**Available records**.
══════════
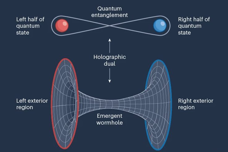 The present work explores the equivalence of wormholes with quantum teleportation. The Caltech-led team performed the first experiments that probe the idea that information traveling from one point in space to another can be described in either the language of gravity (the wormholes) or the language of quantum physics (quantum entanglement).
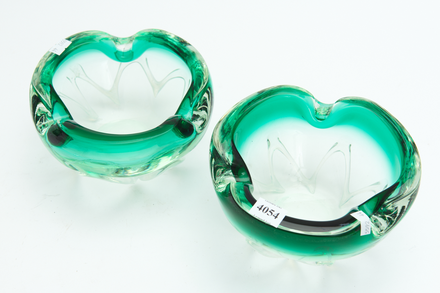 A PAIR OF GREEN ORGANIC FORM BOWLS WITH WHITE TRAILING TO SIDES DIA.18CM EA, LEONARD JOEL LOCAL DELIVERY SIZE: SMALL
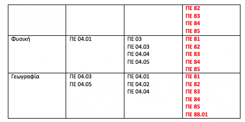 ΠΕ 81 – ΠΕ 82 – ΠΕ 83 – ΠΕ 84 – ΠΕ 85 – ΠΕ 88.01
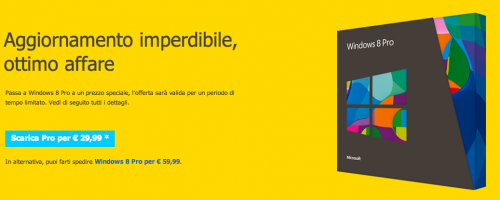 Oltre all’ampia scelta di nuovi dispositivi, i clienti avranno poi la possibilità di aggiornare a Windows 8 i propri PC. Fino alla fine di gennaio, i PC con sistema operativo Windows XP, Windows Vista o Windows 7 potranno effettuare l’upgrade a Windows 8 Pro grazie alla versione pack DVD di aggiornamento, disponibile presso i migliori rivenditori al prezzo di 59,99€, oppure scaricando la versione online all’indirizzo windows.it al prezzo di 29,99 €. Tutti gli utenti che hanno invece acquistato un PC Windows 7 tra il 2 giugno 2012 e il 31 gennaio 2013 potranno usufruire della Windows Upgrade Offer, effettuando l’aggiornamento a Windows 8 Pro al prezzo di 14,99 € all’indirizzo http://www.windowsupgradeoffer.com.
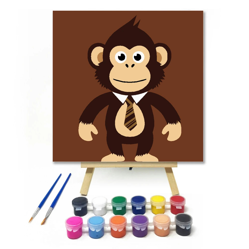 Nyakkendős makimajom - gyerek számfestő készlet – 40×40 cm (Keretre feszítve)
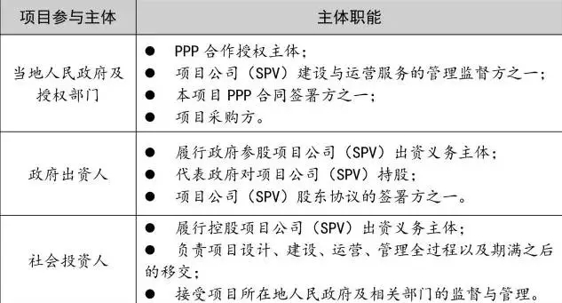 農(nóng)村生活污水治理工程PPP項(xiàng)目參與主體主要包括項(xiàng)目所在地人民政府及授權(quán)部門、政府出資人及社會投資人。本項(xiàng)目參與主體的具體職能見下表所示:
══════════
**What this task involves**.
Please write out all of the data verbatim, with no pictures in the copy.

**Solution for this task**.
 The present work explores the equivalence of wormholes with quantum teleportation. The Caltech-led team performed the first experiments that probe the idea that information traveling from one point in space to another can be described in either the language of gravity (the wormholes) or the language of quantum physics (quantum entanglement).
 A PAIR OF GREEN ORGANIC FORM BOWLS WITH WHITE TRAILING TO SIDES DIA.18CM EA, LEONARD JOEL LOCAL DELIVERY SIZE: SMALL
 ΠΕ 81 – ΠΕ 82 – ΠΕ 83 – ΠΕ 84 – ΠΕ 85 – ΠΕ 88.01
 Oltre all’ampia scelta di nuovi dispositivi, i clienti avranno poi la possibilità di aggiornare a Windows 8 i propri PC. Fino alla fine di gennaio, i PC con sistema operativo Windows XP, Windows Vista o Windows 7 potranno effettuare l’upgrade a Windows 8 Pro grazie alla versione pack DVD di aggiornamento, disponibile presso i migliori rivenditori al prezzo di 59,99€, oppure scaricando la versione online all’indirizzo windows.it al prezzo di 29,99 €. Tutti gli utenti che hanno invece acquistato un PC Windows 7 tra il 2 giugno 2012 e il 31 gennaio 2013 potranno usufruire della Windows Upgrade Offer, effettuando l’aggiornamento a Windows 8 Pro al prezzo di 14,99 € all’indirizzo http://www.windowsupgradeoffer.com.
 Nyakkendős makimajom - gyerek számfestő készlet – 40×40 cm (Keretre feszítve)
 農(nóng)村生活污水治理工程PPP項(xiàng)目參與主體主要包括項(xiàng)目所在地人民政府及授權(quán)部門、政府出資人及社會投資人。本項(xiàng)目參與主體的具體職能見下表所示:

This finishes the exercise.